Maryland Crash Analysis - Predicting the probability of accidents on a given segment on a given time. This prediction can be used as an input to get safest route and to optimize ambulance car allocation.
- MRCA_Data_Aggregation.Rmd (Data Cleaning and Aggregation)
- MRCA_Data_Cleaning_Formatting.Rmd (Data Cleaning and Aggregation)
- MRCA_ML.ipynb (Data pre-processing and modelling)
- Merging eight different files which includes Road condition data, Weather Data, Person's data, Road map data, etc related to crash in Maryland.
- Performing preliminary analysis on the data set to completely understand the data, form some hypothesis, spot outliers and derive some new attributes. Also, performing Hot-Spot analysis using ArcGIS pro.
- Performing data cleaning to get a complete data frame with no NA's, missing values and remove outliers.
- Performing data aggregation so as to avoid redundancy in data, to get the frequency of accidents per segments and to avoid high dimensional data in pre-processing stage.
- Performing Label Encoding, One Hot Encoding (dummy variables by avoiding dummy variable trap) and Feature Scaling on the data frame.
- Here, we have all the positive records (accident occurred) but not a single record when the accidents did not occurred.

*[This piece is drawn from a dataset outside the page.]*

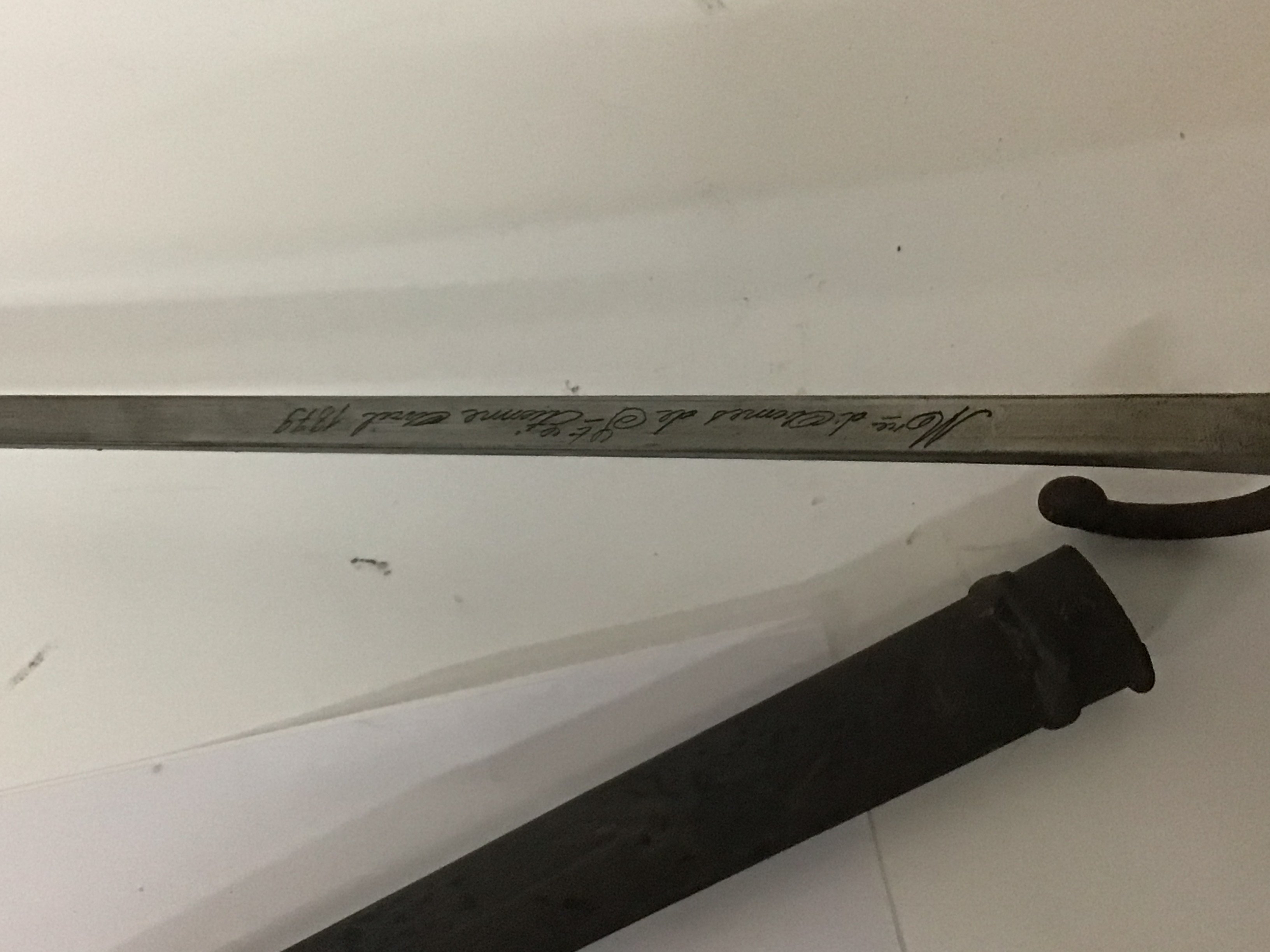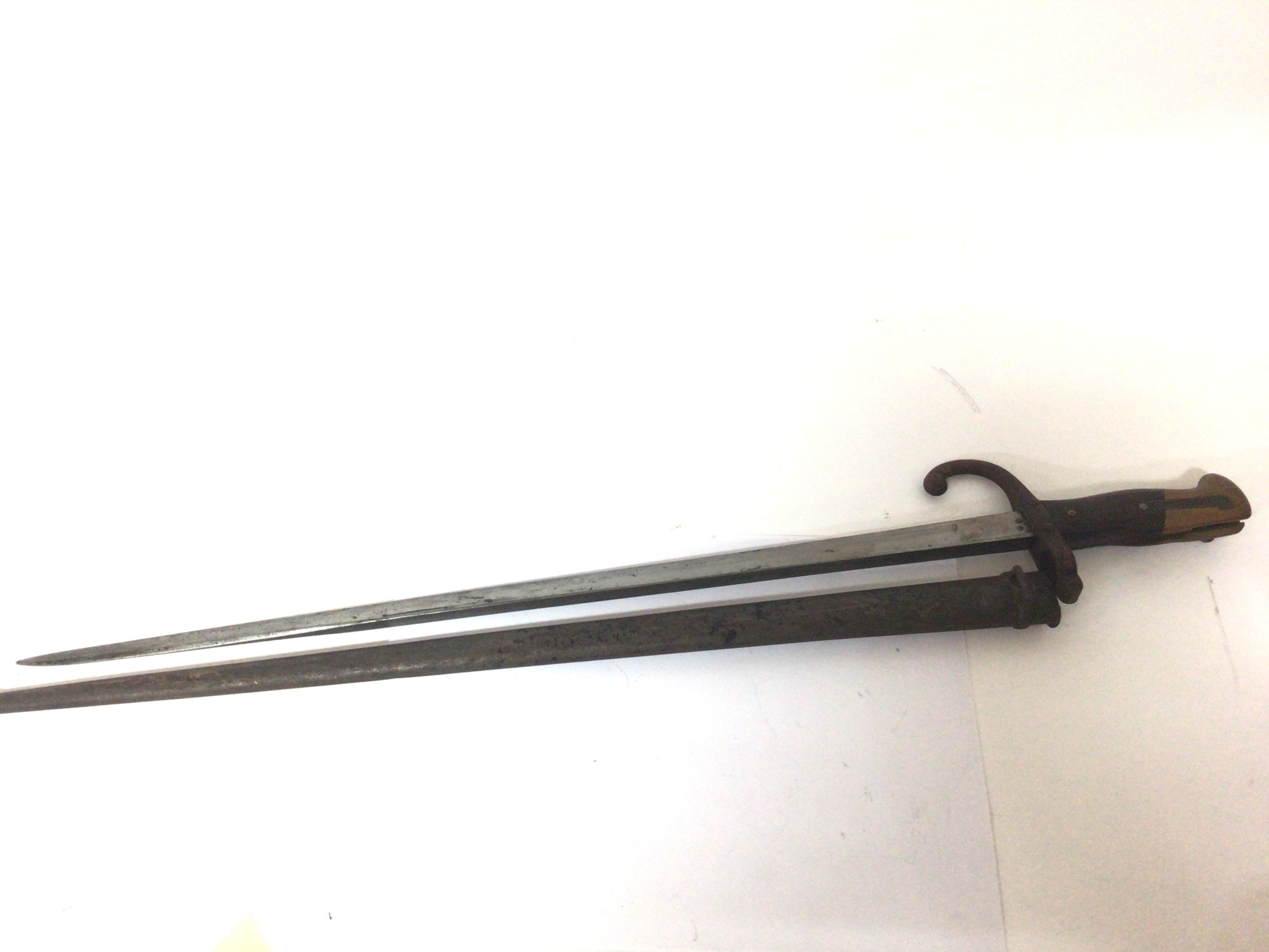 A French 1879 pattern bayonet the steel blade edge with an inscription.

- Any record for a particular time when there is "No Accident" in a particular segment can be considered to be a potential Negative Sample.
Machine Learning and Deep Learning Model:
- To identify the risk level of a road segment when compared to other segments, we try to forecast #accidents per segment (only positive samples)
- We build a deep neural network to forecast #accidents on different segments and visualize it on map of Maryland.
- Here, model finds the likelihood of an accident to occur on different segments (using negative and positive samples).
- Comparing results from Naive Bayes, SVM, Random Forest, Deep Neural Network.
- Classifying accidents to identify the its severity by applying different ML algorithms.
Research: Predicting next accident location based on temporal and spatial features using Recurrent Neural Network with Long Short Term Memory (RNN - LSTM).